State park in Mendocino County, California, United States

Manchester State Park (also known as Manchester State Beach) is a state park of California, United States. It includes 18000 ft of protected beachfront on the Pacific Ocean in Northern California on State Route 1, 7 mi north of Point Arena. The park features sand dunes, flat grasslands and five miles of gentle, sandy beachfront. The park is noted for steelhead and salmon fishing in the park's two streams, Brush Creek and Alder Creek, as well as the driftwood that collects in the catch basin created by the gently curved coastline. The 5272 acre site was established as a California state park in 1955 and takes its name from Manchester, California, seven miles north of Point Arena.

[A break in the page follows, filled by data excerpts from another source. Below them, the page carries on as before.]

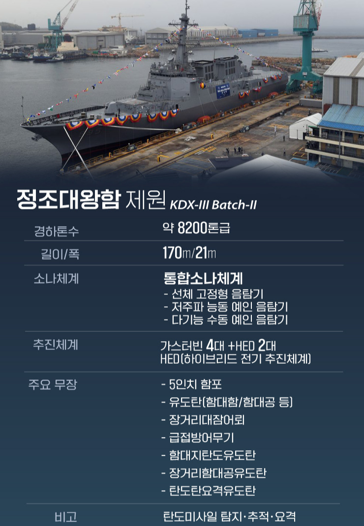 - 정조대왕함 (DDG-995) - 2023년 진수, 2024년 실전배치 예정. 8,200톤급
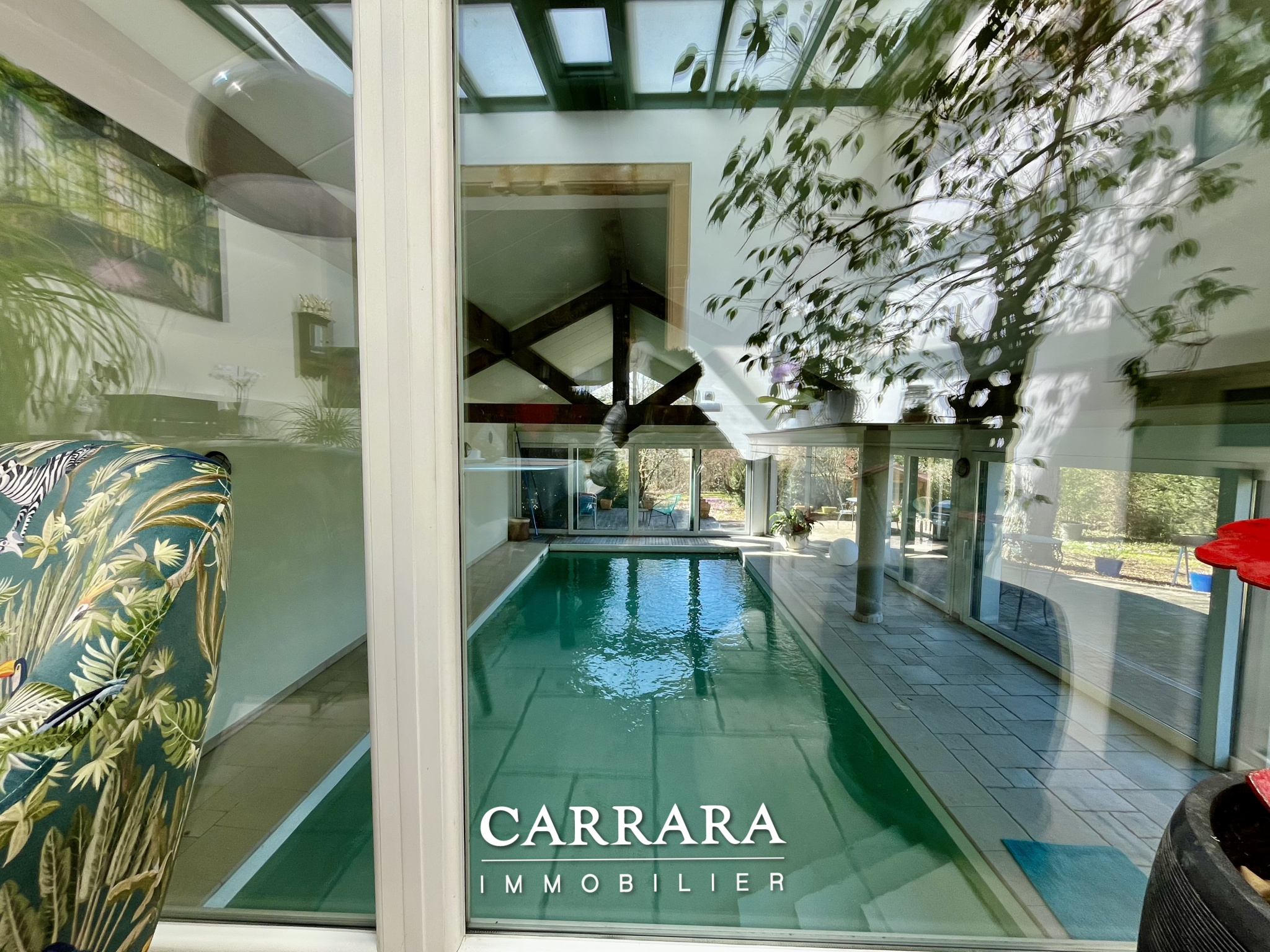 À l'abri des regards, un grand jardin arboré entoure la propriété, véritable écrin de verdure en pleine ville. À l'intérieur, une piscine chauffée prolonge ce sentiment d'évasion, parfaitement intégrée grâce à un système de chauffage indépendant, pour des moments de détente toute l'année.
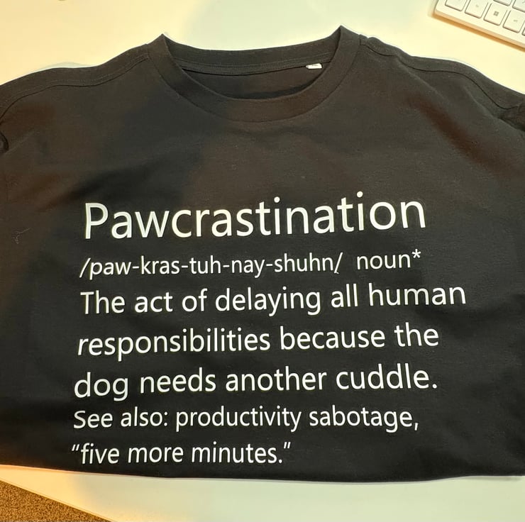 The Pawcrastination tee celebrates those wonderfully unproductive, joy-filled minutes we all lose to our furry companions — and honestly, we wouldn’t have it any other way.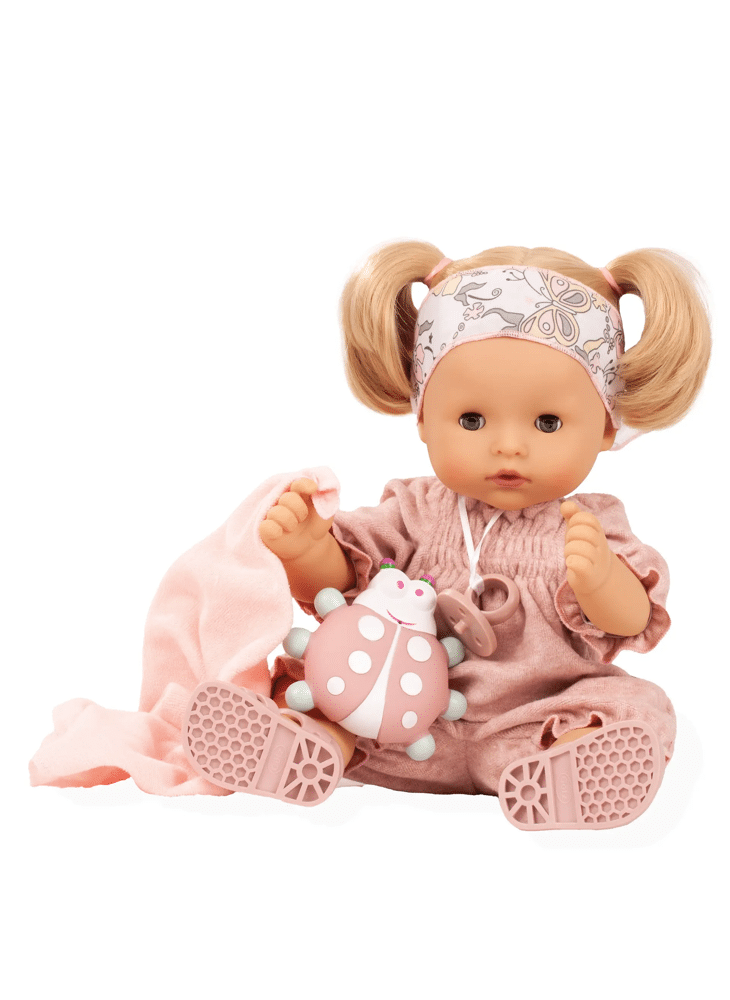 This enchanting Maxy Aquini Butterfly Bathing Doll is the ideal playmate for little water enthusiasts! With her adorable blue sleeping eyes and styleable blonde hair, she invites children to hours of imaginative play. Her summery old-rose terry cloth outfit is perfectly complemented by matching sandals and a cute butterfly-print headband. The included bath towel and ladybug-shaped water toy complete the fun—whether in the bathtub, pool, or at the beach.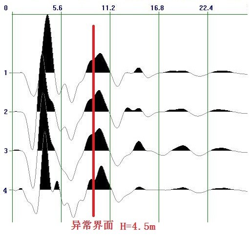 根据底板反射共偏探测波形数据,利用地震数据处理软件进行解析,由结果图(图五)可知,在距底板4.3m处存在一波形异常界面,推测为3#煤层。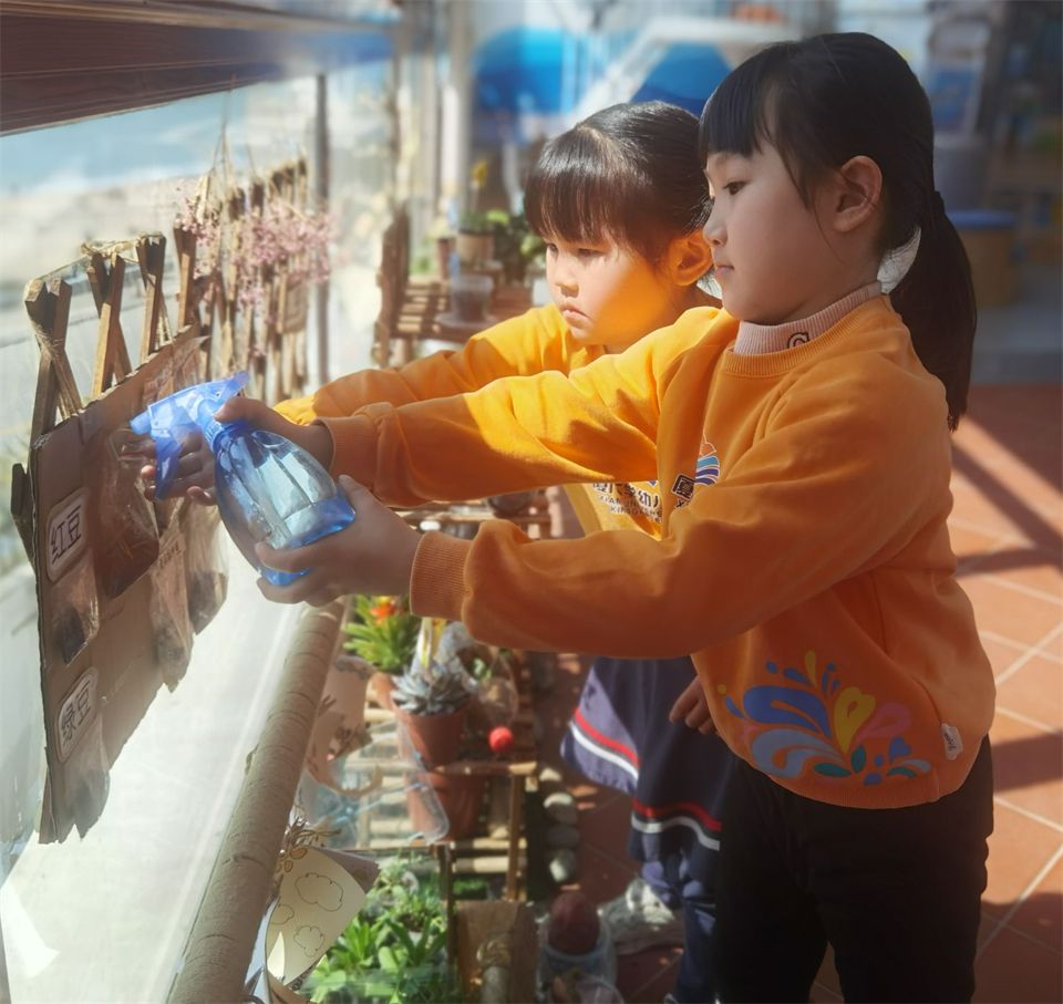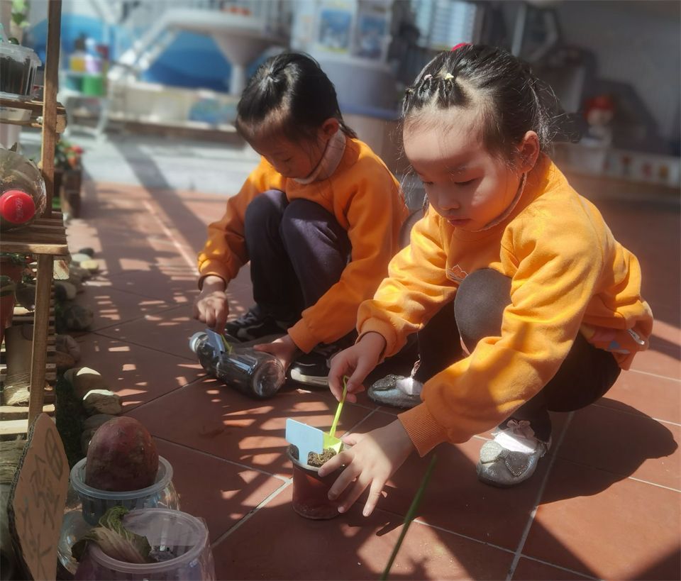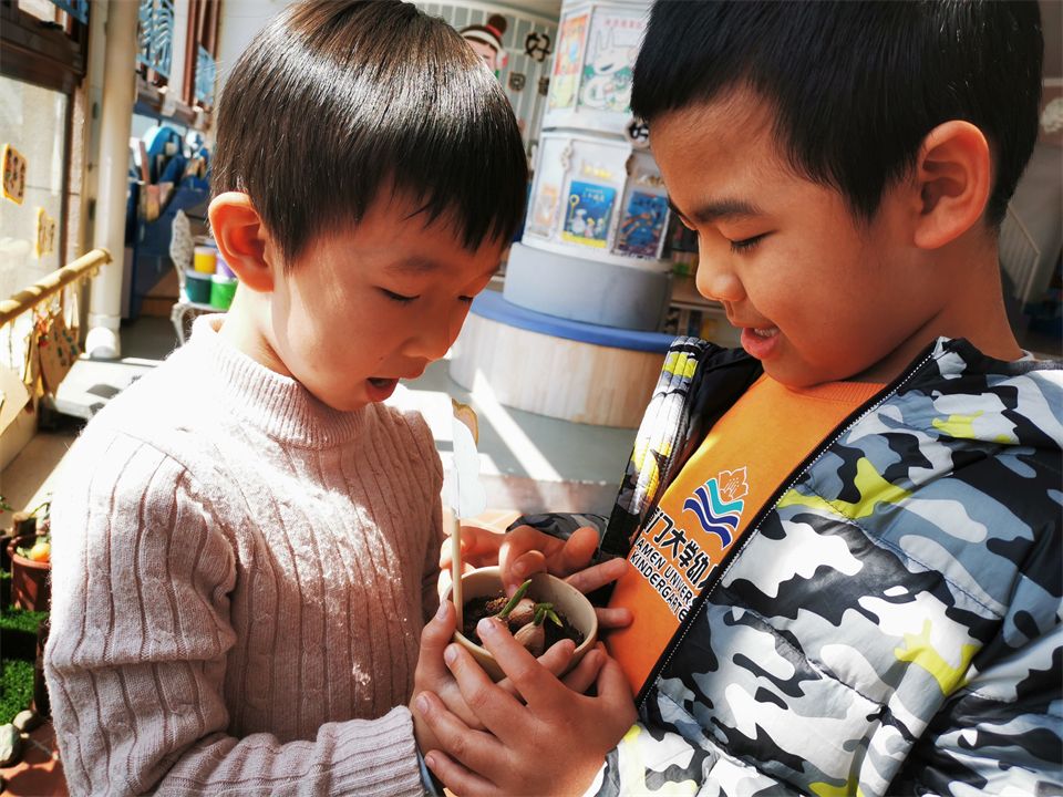 开始种植啦!我们装点儿土,挖个坑,将种子种进去,再浇浇水, 在这春暖花开的日子里,每天都期待自然角带给我们的惊喜:哪颗小种子已破土而出?哪朵小花含苞待放?我们有了新的发现?遇到的新的问题?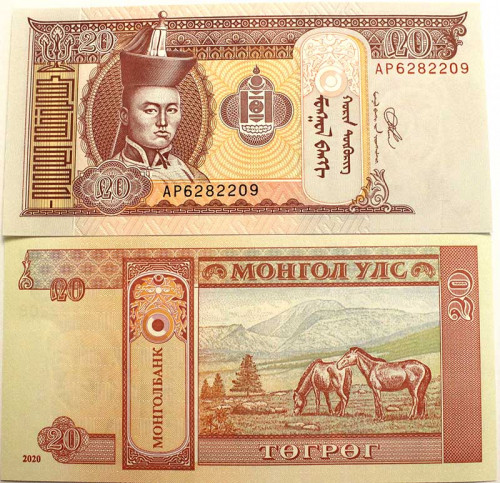 Банкнота 20 тугриков - Монголия, 2020 год, UNC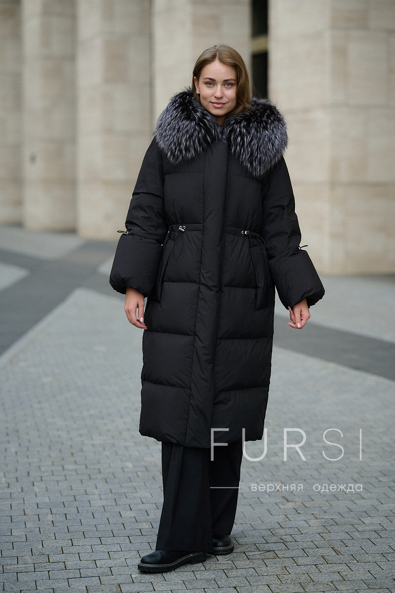 Пуховик с рукавами "фонарик", черный с мехом чернобурки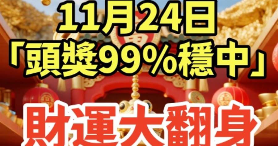 11月24日「頭獎99%穩中」財運大翻身,發家致富的六大生肖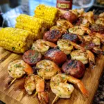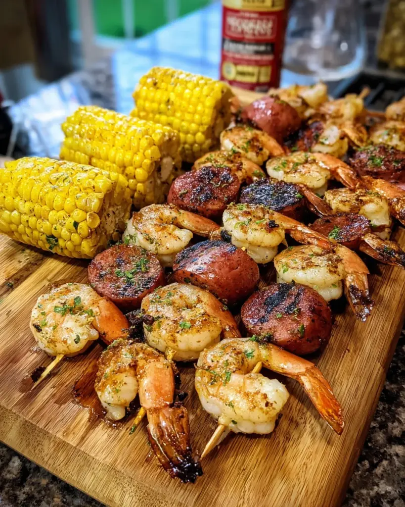 - Assemble the Skewers: Soak wooden skewers if using. Thread shrimp, sausage, potato, and corn onto skewers, brush with oil, and sprinkle with seasoning.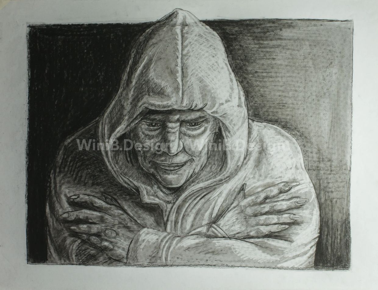 It recalls one of many happy memories with my Mom, who has since passed on. We were laughing so hard the whole time as I was attempting to photograph her for reference shots. I was trying to coach her as to what moods I wanted her to exhibit; anger, fear, a threatening look, to which neither of us could hold a straight face and we’d burst out laughing! I still have her reference shots filed away somewhere, and I can still clearly recall that afternoon…

Aside from the coastal views, Manchester State Beach consists of grazing lands with flocks of sheep, and herds of cattle. Blue Irises, baby blue eyes, lupines, poppies, and sea pinks are featured in the park’s variety of wildflowers. Just off shore, the San Andreas Fault runs into the waters of the park.

From October to April, Humpback whales and Gray whales can be spotted offshore during the annual migration. Right off the coast of Arena Point, experienced divers can dive from boats to view kelp forests and other marine life found in the park's protected waters.

Camping is available on a first come, first served basis. Reservations are required and group campgrounds are available until the 16th of November.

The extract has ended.